Posted to dev@drill.apache.org by Daniel Barclay <db...@maprtech.com> on 2015/05/01 03:08:21 UTC

default to waiting for net/full schema? [was: Re: Desired Behavior when a table has both files and folders?]

Should Drill default to not sending changing schema information (that is,
to waiting until it has all the schema information before returning any
through JDBC), and only send changing schemas when the client has somehow
told Drill that it can handle changing schemas (e.g., when the client
registers a handler for schema changes, or in some connection property)?

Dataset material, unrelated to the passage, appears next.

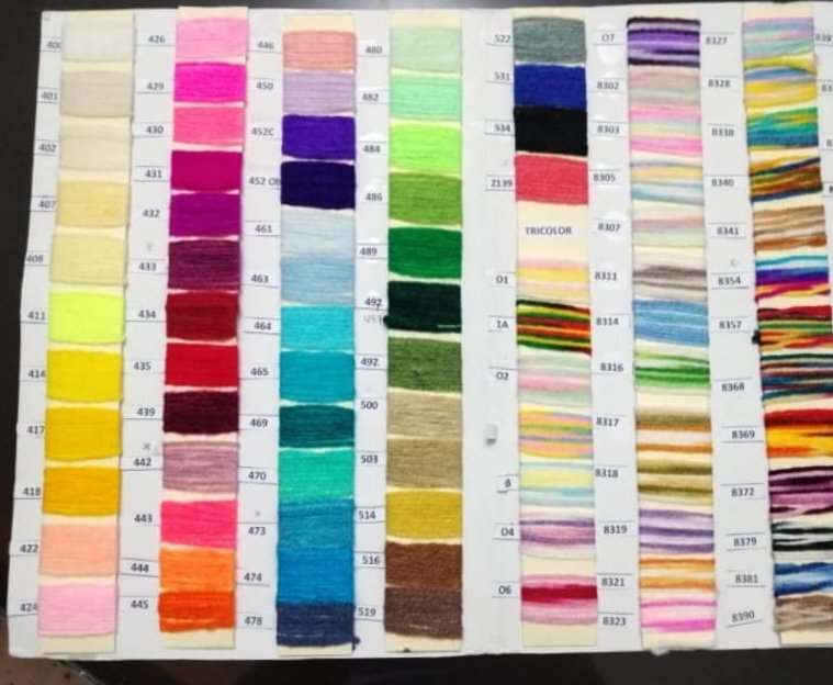 | Color lana Mi Amigo | Blanco (400), Crudo (401), Perla (402), Amarillo garbanzo (407), Amarillo pálido (408), Amarillo neón (411), Amarillo Canario (414), Amarillo mandarina (417), Amarillo girasol (418), Salmón (422), Rosado pálido (424), Rosado quinceañera (426), Rosado maravilla (429), Rosado cebada (430), Fucsia (431), Bugambilia (432), Vino (433), Rojo cereza (434), Rojo encendido (435), Ocre (439), Rosa vieja (442), Rosado neón (443), Naranja neón (444), Naranja (445), Carne (446), Morado lila (450), Morado uva (452C), Celeste pálido (461), Celeste cielo (463), Celeste frozen (464), Celeste aqua claro (465), Verde turquesa oscuro (469), Verde turquesa claro (470), Celeste aqua medio (473), Celeste aqua oscuro (474), Azul negro (478), Verde menta claro (480), Verde menta encendido (482), Verde neón (484), Verde limón (486), Verde hoja (489), Verde botella (497), Verde musgo (492), Beige claro (500), Beige oscuro (503), Mostaza (514), Café claro (516), Café oscuro (519), Gris (522), Azul bandera (531), Negro (534), Sandía (Z119) |

Then Drill would work "normally" in regular JDBC tools (they won't fail
to show columns that didn't exist in earlier rows or--worse--crash trying
to access columns that no longer exist in later rows), but Drill could
still incrementally return changing schema information to clients that
can handle it.

Daniel


Steven Phillips wrote:
> I believe the missing columns is due to a limitation in sqlline itself. For
> this query, Drill don't know in advance what columns will be returned. It
> just returns them as they come. When the first batch get back to sqlline,
> it will assume that whatever columns it receives in that batch are the only
> columns this query will return. And it ignores any new columns that show up.
>
> On Wed, Apr 29, 2015 at 6:20 PM, Hao Zhu <hz...@maprtech.com> wrote:
>
>> You can specify the column names.
>> "select *"  explores the schema by itself.
>>
>>> select * from `data`;
>> +------------+------------+
>> |    dir0    |    col1    |
>> +------------+------------+
>> | null       | 1          |
>> | folder1    | null       |
>> | folder1    | null       |
>> | folder1    | 4          |
>> +------------+------------+
>> 4 rows selected (0.074 seconds)
>>> select dir0,col1,col2 from `data`;
>> +------------+------------+------------+
>> |    dir0    |    col1    |    col2    |
>> +------------+------------+------------+
>> | null       | 1          | null       |
>> | folder1    | null       | 3          |
>> | folder1    | null       | 2          |
>> | folder1    | 4          | null       |
>> +------------+------------+------------+
>> 4 rows selected (0.088 seconds)
>>> select dir0,col1,col2,col3 from `data`;
>> +------------+------------+------------+------------+
>> |    dir0    |    col1    |    col2    |    col3    |
>> +------------+------------+------------+------------+
>> | null       | 1          | null       | null       |
>> | folder1    | null       | 3          | null       |
>> | folder1    | null       | 2          | null       |
>> | folder1    | 4          | null       | null       |
>> +------------+------------+------------+------------+
>> 4 rows selected (0.098 seconds)
>>
>> Thanks,
>> Hao
>>
>> On Wed, Apr 29, 2015 at 5:14 PM, rahul challapalli <
>> challapallirahul@gmail.com> wrote:
>>
>>> What is the desired behavior when I run "select * from data;" on the
>> below
>>> structure?
>>>
>>> data/
>>>    -- file1.json
>>>    -- folder1/
>>>         -- file2.json
>>>
>>> file1.json : {"col1" : 1}
>>> file2.json : {"col2" : 2}
>>>
>>> This is what drill returns :
>>> +------------+------------+
>>> |    dir0    |    col2    |
>>> +------------+------------+
>>> | folder1   | 2          |
>>> | null       | null       |
>>> +------------+------------+
>>>
>>> Looks like drill ignored the columns from the first file.
>>>
>>> - Rahul
>>>
>>
>
>
>


-- 
Daniel Barclay
MapR Technologies

Re: default to waiting for net/full schema? [was: Re: Desired Behavior when a table has both files and folders?]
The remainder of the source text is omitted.